The P6 is particularly good at transaction processing due to it's new micro-architecture. And this hardware (i.e., CPU and bus) scales very well to 4 P6s.

(TPS = Transactions per second.)



The P6's chipset was designed alongside the P6.

The chipset consists of a single chip interface to the PCI bus (PB = PCI Bridge) and a high performance memory subsystem controller (MC = Memory Controller).

The MC is implemented as a Data Path, Data Controller and four Memory Interface Controllers which enable 4-way interleaving.
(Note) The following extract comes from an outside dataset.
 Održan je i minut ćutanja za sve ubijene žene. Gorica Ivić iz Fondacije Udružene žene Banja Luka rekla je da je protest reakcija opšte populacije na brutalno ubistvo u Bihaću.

### P6-based Servers are SCALEABLE

- Integrate CPU-cache-bus complex in a single package
  - Ease of upgrade, performance, reliability
- The CPU bus becomes a system bus
  - Imagine a packet switch connecting CPUs, I/O, & memory
- Chipset partitioning allows independent scaling of I/O and memory
  - Suitable for a wide range of system implementations



The P6 chipset is designed to allow independent scaling of CPU, memory and I/O.



The platform design goal of SCALABILITY is well-served with the P6 and chipset implementation.
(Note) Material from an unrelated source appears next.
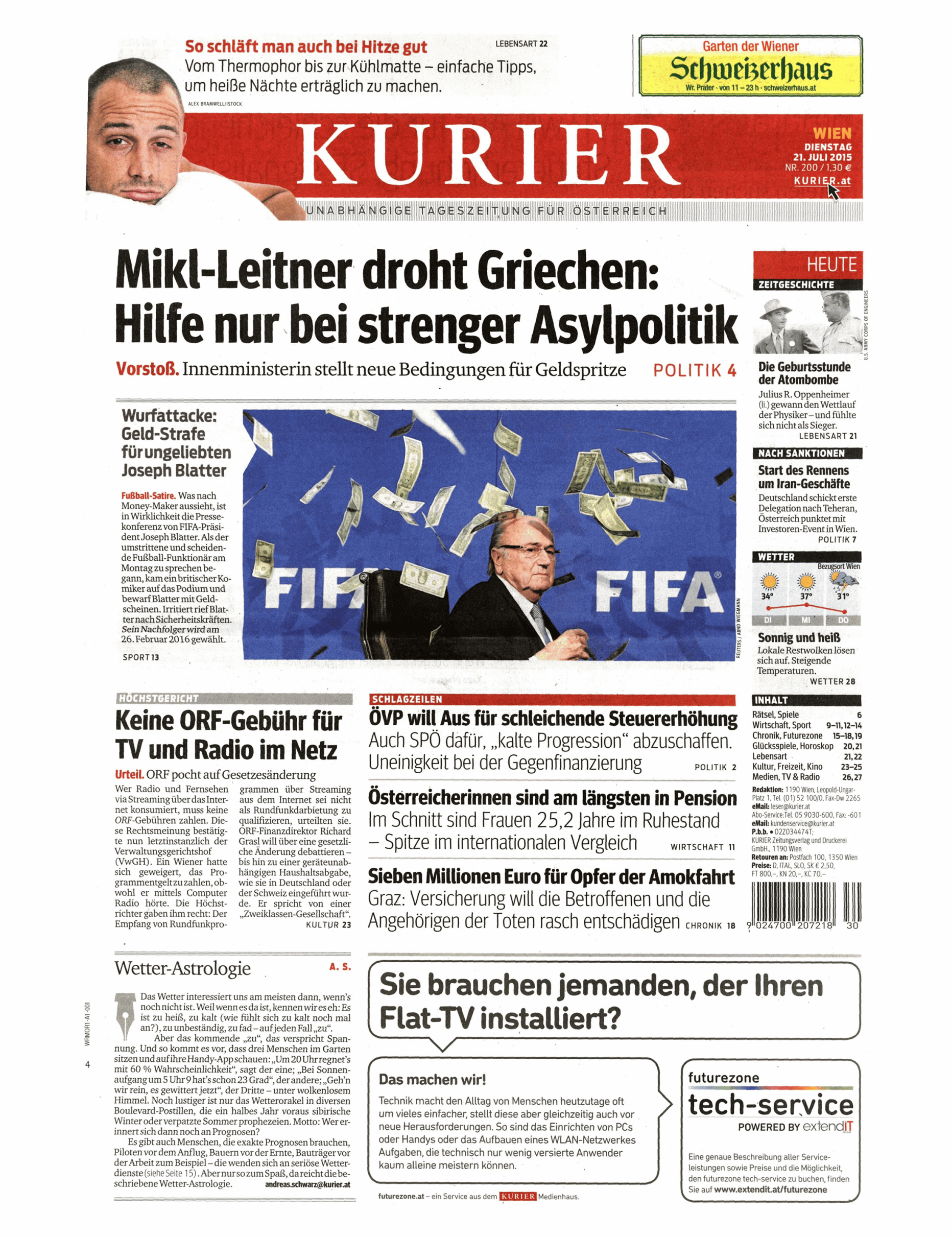 infoSchlagzeile vom 21.07.2015Mikl-Leitner droht Griechen: Hilfe nur bei strenger AsylpolitikKurierkurier.at Wirtschaft atmedia Titelseiten vom 21.07.2015 07/20/2015, 10:00 PM Kommentare Teilen ( kurier.at ) | 07/20/2015, 10:00 PM

Key features are shown above.

(Note that MC and MIC components DO NOT stack -- They are shown this way for clarity.)



A key design objective of the P6 and its chipset was to include the features required as a foundation for reliable system design.



The software interface to these hardware features is DMI.

### **P6 Delivers for Servers**

- Performance
- Reliability
- Scalability
- Manageability

In sum, the P6 design has always sought to address the unique needs of server applications. The P6 architecture delivers great server performance, includes new reliability features, facilitates scalability, and fits with efforts to improve systems management.